As it stands, those who tender for government contracts are required to disclose conflicts of interests, but that’s where it ends. And even that flimsy requirement is often not complied with or enforced, Levin told the briefing.
To put some numbers on the government largesse spent on the private interests of civil servants, Business Day reported that the PSC found 17% of senior managers in the Department of Public Works have outside interests and an astonishing 90% do in the Eastern Cape Education Department. Of course, correlation is not causation, but the Eastern Cape’s dismal educational performance may not be entirely coincidental.
Perhaps the state can take a leaf from the private sector. Government tenders should include a simple clause, much like competitions in the private sector do. I’ll quote one verbatim: “3. The competition is not open to – 3.1 directors, members, partners, agents, employees or consultants of (the company) or any supplier of goods or services in connection with a competition; and 3.2 the spouse, life partner, business partner or associate, or the natural or adopted parent, child, or sibling, of any of the persons specified in 3.1 above.”
This is not a complicated rule, and its inherent justice is clearly understood by everyone (except the occasional employee or family member).
Violations ought to be policed, both by routine auditing that will pick up the most obvious graft, and by investigating complaints about cases that are harder to spot, such as tenders that are awarded to siblings and business associates of someone involved in its issue or adjudication.
I can think of three clear reasons for prohibiting civil servants from doing business with the state. First, it gives them a motive to suspend their professional judgment to act in the best interest of the citizens they are appointed to serve, by preferring their own or their relative’s firm over a better competitor. Second, it creates the impression among losing bidders for a government tender that they lost out to favouritism or nepotism. And third, it creates the perception among the wider public that government expenditure is merely a corrupt affair to provide lucrative jobs for buddies, rather than a good-faith attempt at service delivery.
All three harm the development of the country, both economically and socially. The third is especially dangerous, and it is rich for politicians to stand up and castigate the private sector for income inequality when they themselves skim thick layers of cream off the public fiscus.
The media labours under similarly strict rules. While details differ somewhat from one publication to the next, many prohibit shareholding in companies that are covered, disallow accepting gifts over a nominal value, and require disclosure of any interests, memberships, directorships or sponsorships that might be seen to influence the way a journalist covers a subject in an article. In the case of major publications, these rules are surprisingly strict. To most journalists, the principles they espouse for elected officials and civil servants are principles to which they hold themselves. Without such clear rules, their coverage will lose the all-important perception of independence.
The opposition Democratic Alliance seized upon the PSC report to observe that it has already promulgated “anti-graft” legislation in the Western Cape to prohibit civil servants from awarding contracts to companies in which they or their families have interests. It twists the knife by claiming it has failed to do so nationally, thanks to obstructionism from the ANC. It hopes that this PSC report, as well as a Constitutional Court ruling against the Portfolio Committee on Private Member’s Legislative Proposals, will make it easier to resubmit similar bills in Parliament in future.

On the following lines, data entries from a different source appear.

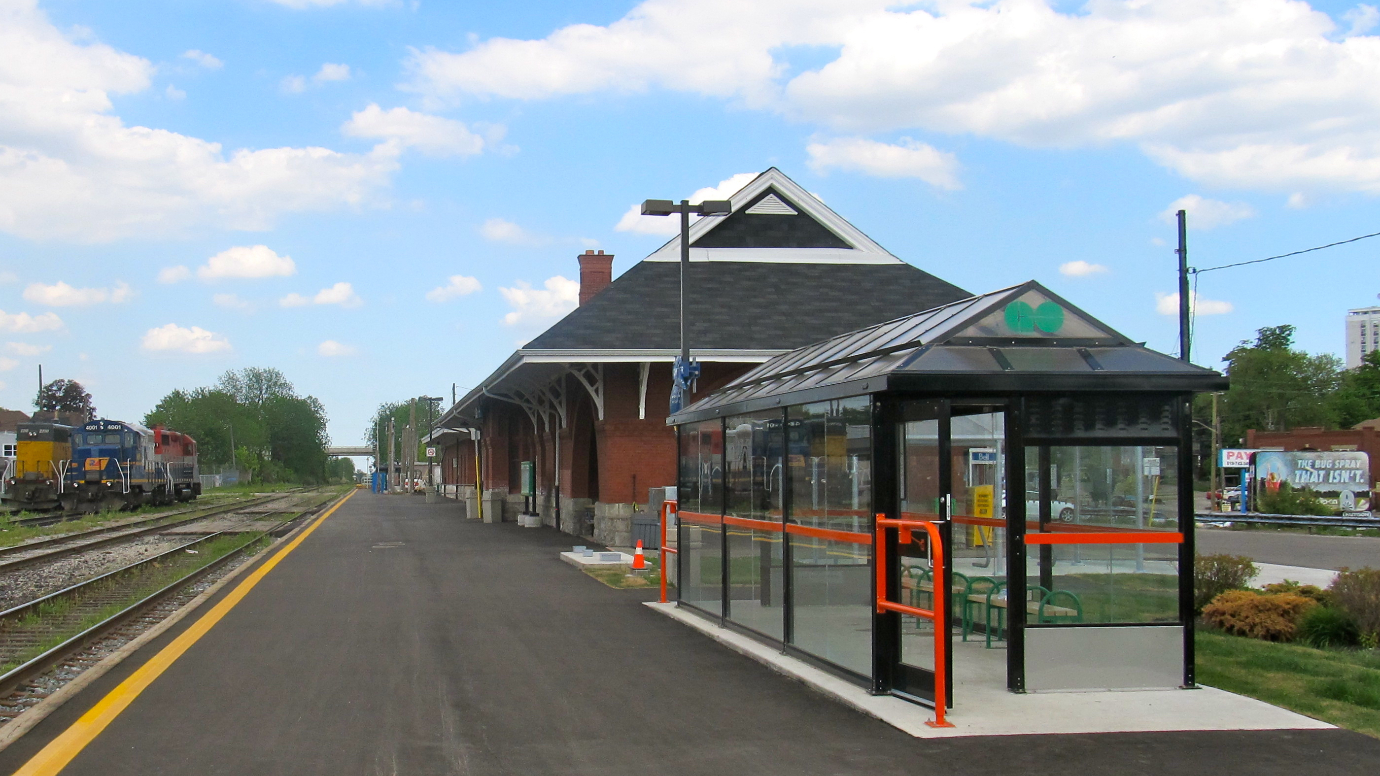 Railway station in Kitchener, Ontario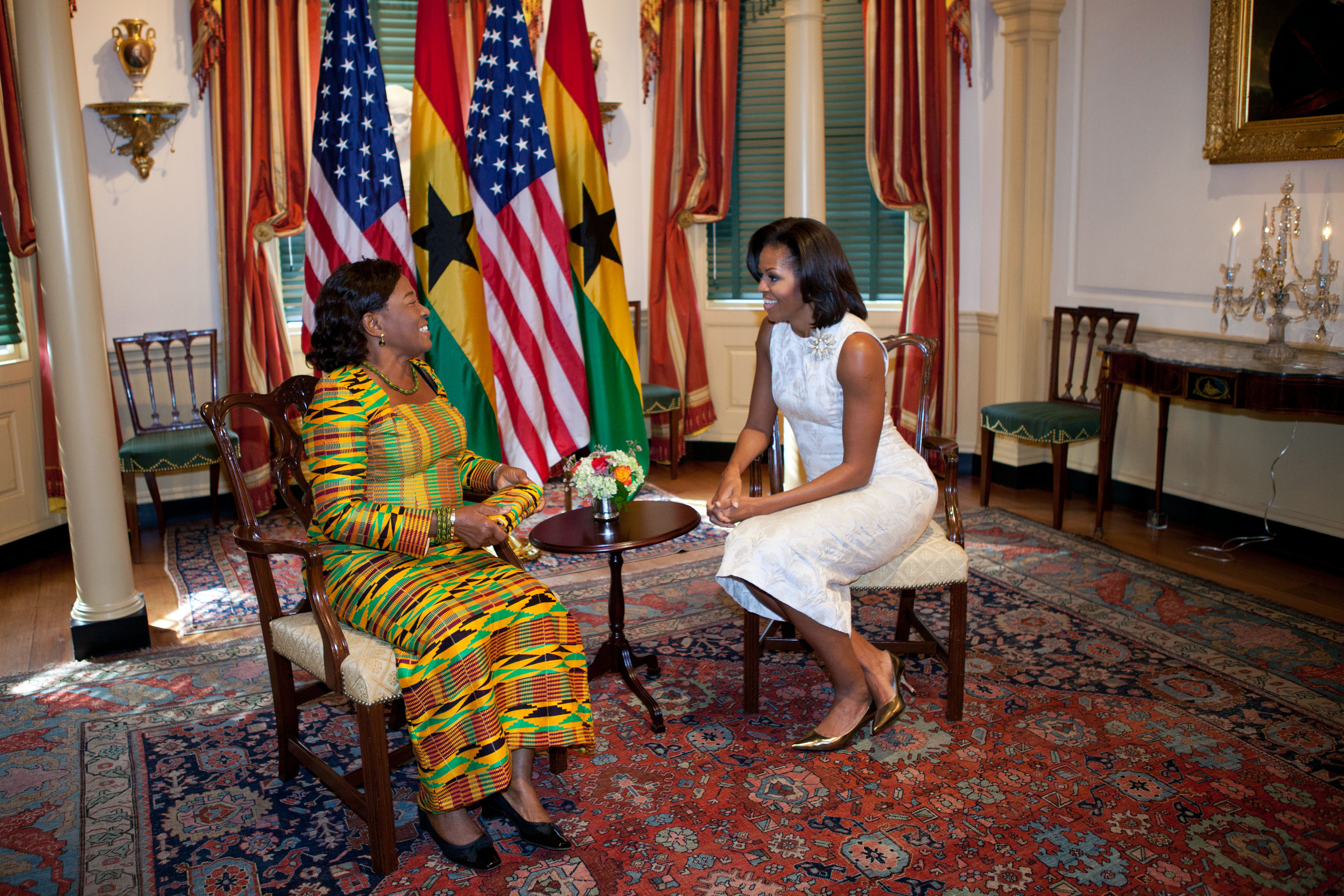 First Lady of Ghana Ernestina Naadu Mills meets United States First Lady Michelle Obama at the State Department in Washington, D.C., on 8 March 2012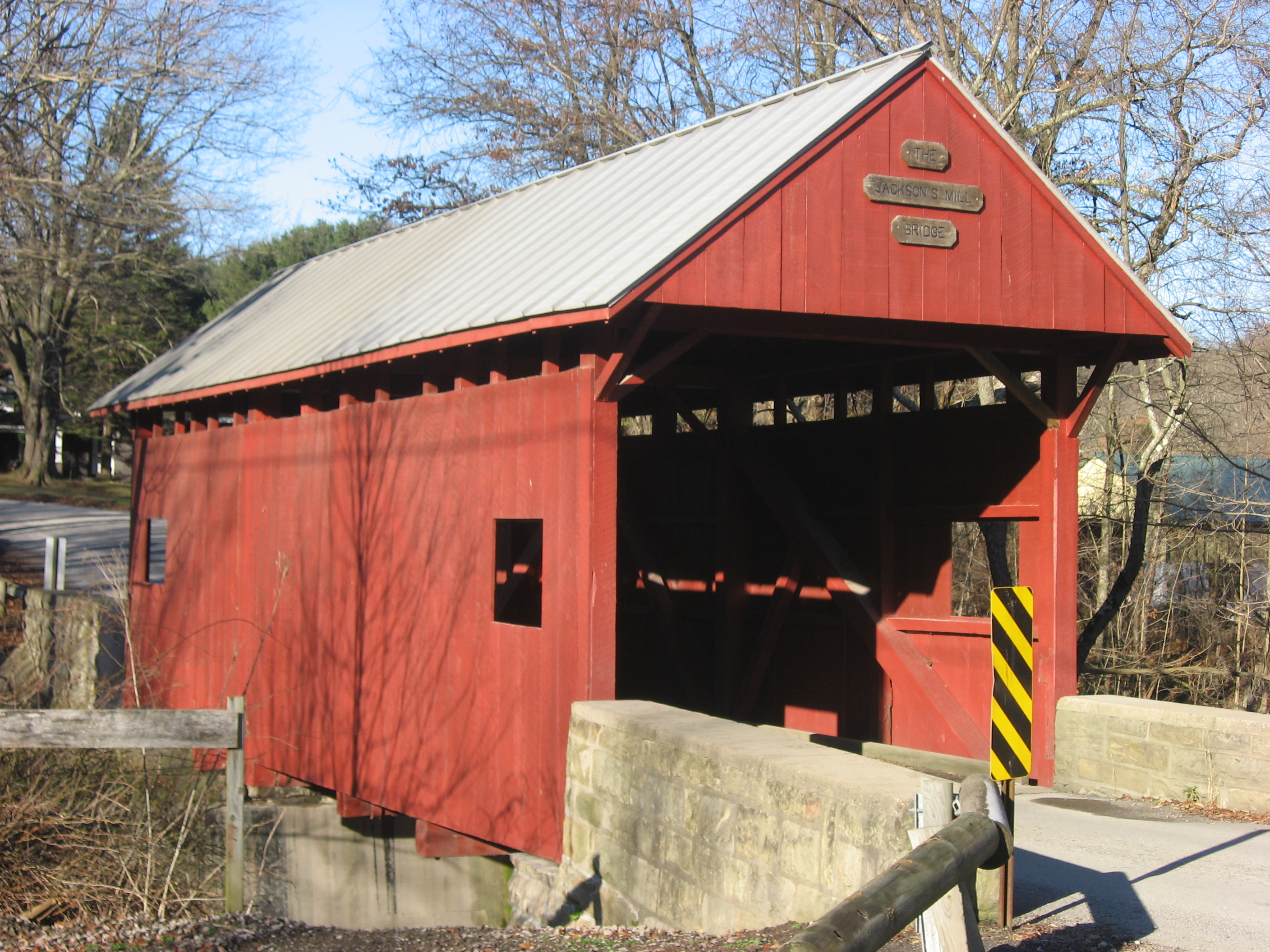 Eastern portal and southern side of the Jackson's Mill Covered Bridge, which carries Kings Creek Road over Kings Creek northwest of Burgettstown in Hanover Township, Washington County, Pennsylvania, United States. Built in the 1870s, it is listed on the National Register of Historic Places.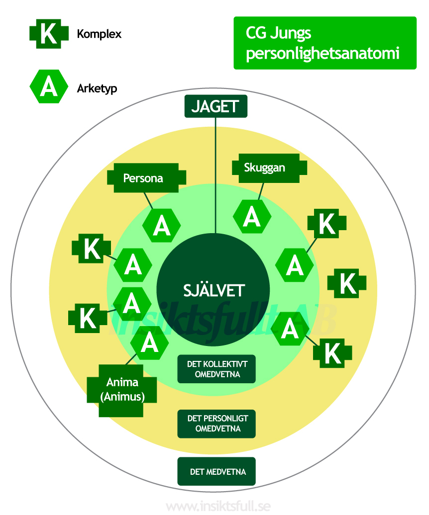 Med tillåtelse från Insiktsfull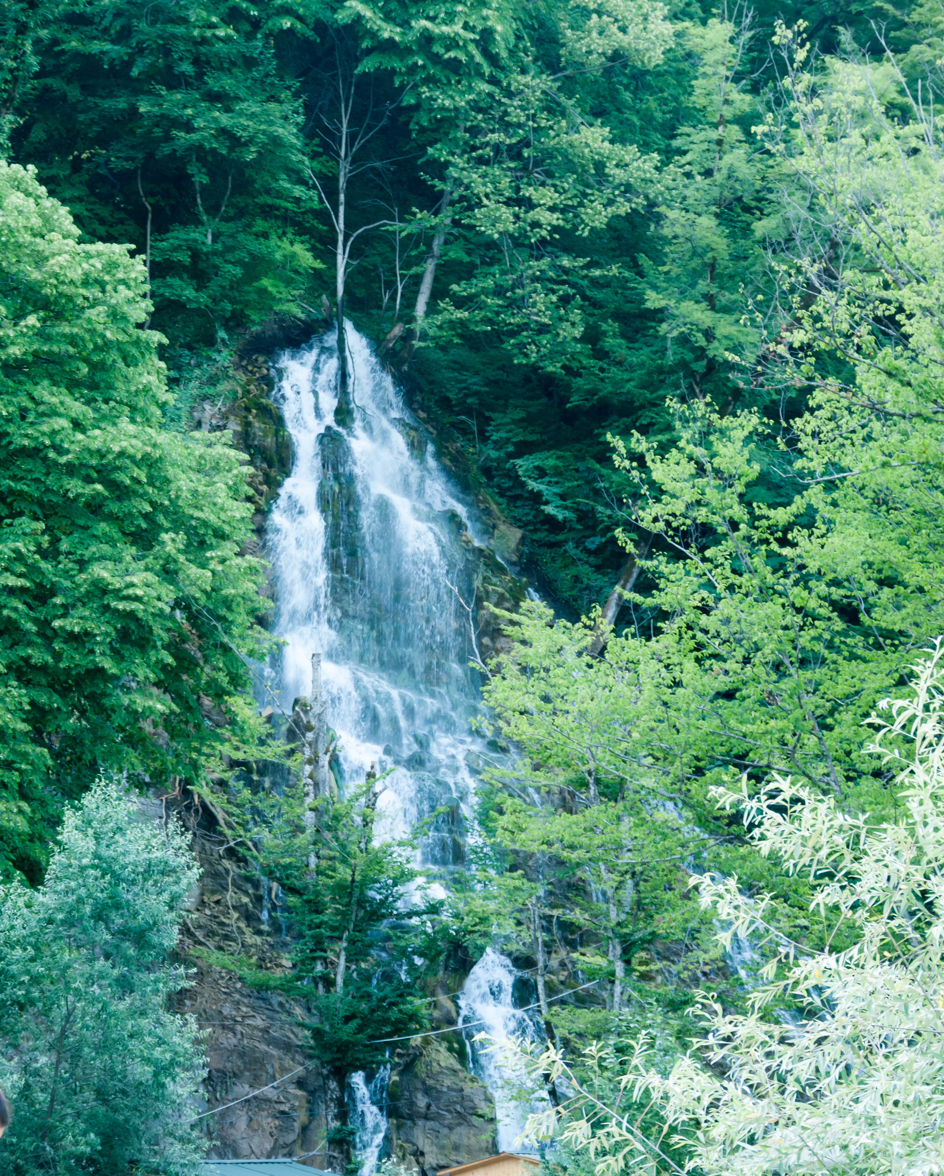 Khalkhal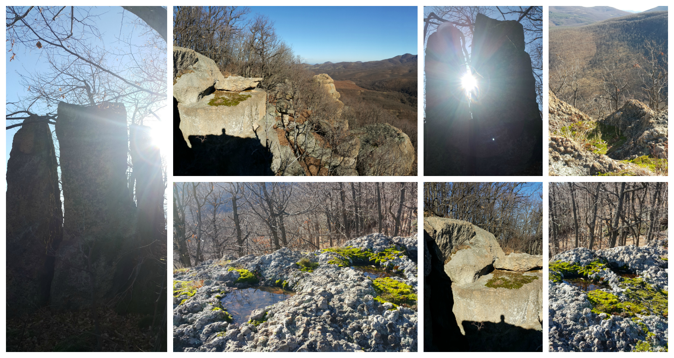 Karaulkata Peak Northeast Rhodopes Mountain Bukovo Bulgaria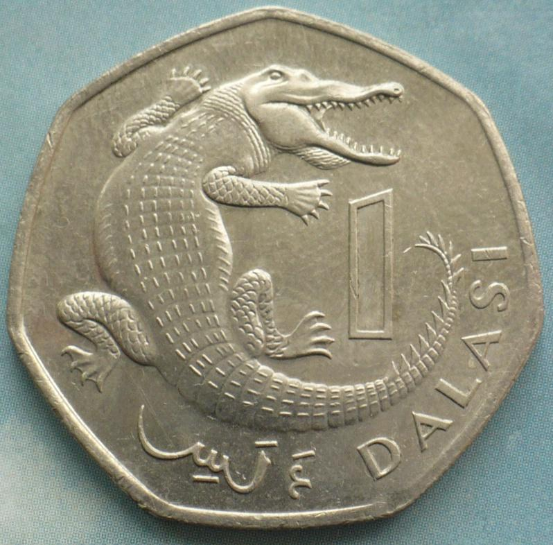 Gambia 1 dalasi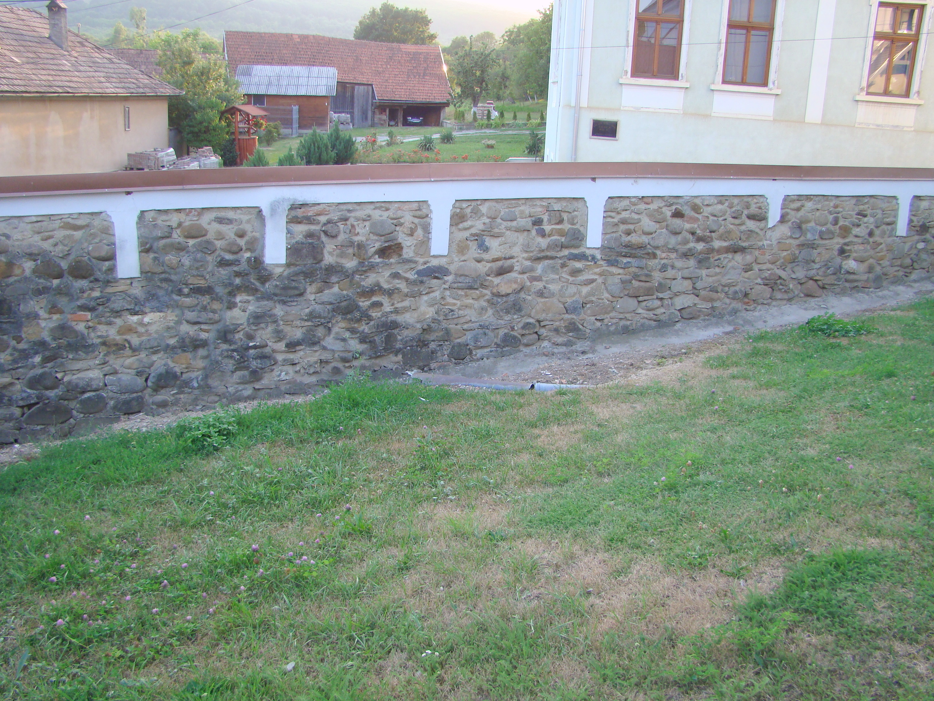 Reformed church in Forțeni, Harghita county, Romania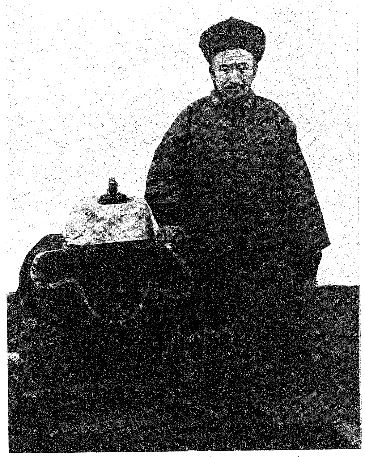 Image from With the Russians in Mongolia，Zasagt Wang Udai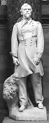 Statue of Lewis Wallace at NSHC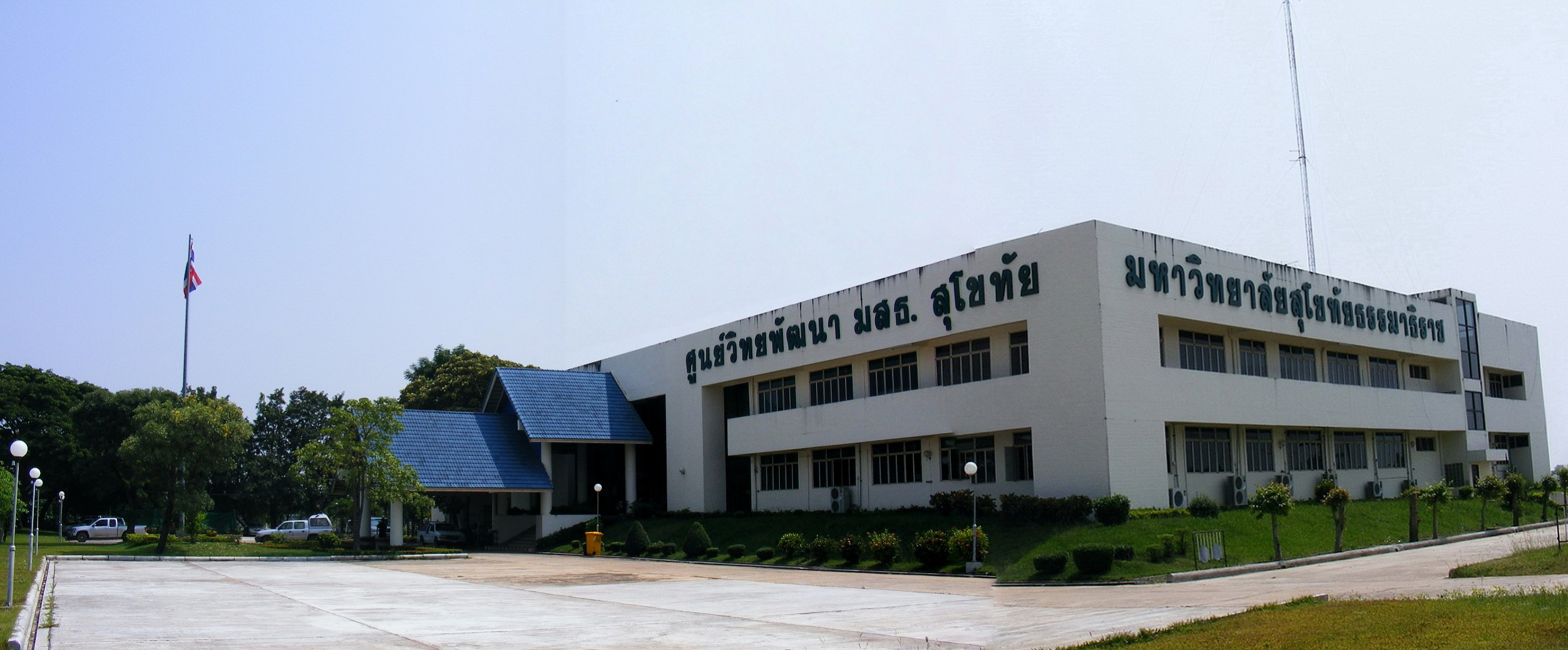 Regional Distance Education Center-Sukhothai, Sukhothai Thammathirat Open University

Sadly, it may not ever go further than a recommendation or a bill tabled by the official opposition. A similar law should long have existed for the management of gifts in the public sector, after a 2008 report by the self-same PSC identified it as a problematic issue. At the time, it found that 65% of national and provincial government departments did not even have a gift policies and gift registers, let alone rules that go beyond merely requiring disclosure.
The same reasons can be advanced for banning any gifts beyond the token niceties of meeting people and working together. It would remove the motive for unjustly preferring some bidders over others, would undermine allegations of a lack of objectivity in adjudicating administrative decisions or tenders and improve the faith the public have in the integrity of their government.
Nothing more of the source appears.